Countless devices over the world are connected by networks and communicated via network protocols. Just like common software, protocol implementations suffer from bugs, many of which only cause silent data corruption instead of crashes. Hence, existing automated bug-finding techniques focused on memory safety, such as fuzzing, can hardly detect them. In this work, we propose a static differential analysis called ParDiff to find protocol implementation bugs, especially those that hide in message parsers but do not cause crashes. Our key observation is that a network protocol often has multiple implementations and any semantic discrepancy between them may indicate bugs. However, different implementations are often written in disparate styles (e.g., using different data structures or written with different control structures), making it challenging to directly compare two implementations of even the same protocol.

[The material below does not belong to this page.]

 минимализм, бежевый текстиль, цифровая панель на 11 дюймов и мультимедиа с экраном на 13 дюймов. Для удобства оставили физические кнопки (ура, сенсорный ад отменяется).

To exploit this observation and effectively compare multiple protocol implementations, ParDiff (1) automatically extracts finite state machines representing protocol format specifications from programs, and (2) then leverages bisimulation and SMT solvers to find fine-grained, semantic inconsistencies between them. We have extensively evaluated our approach using 14 network protocols, each with two different implementations. The results show that ParDiff exhibits higher precision in discovering bugs in protocol parsers compared to both differential symbolic execution and differential fuzzing tools. To date, we have detected 41 logical bugs with 25 confirmed by developers. The baseline DPIFuzz can only detect 3 of them in the same time budget and can only detect 25 of them even with 720× time cost.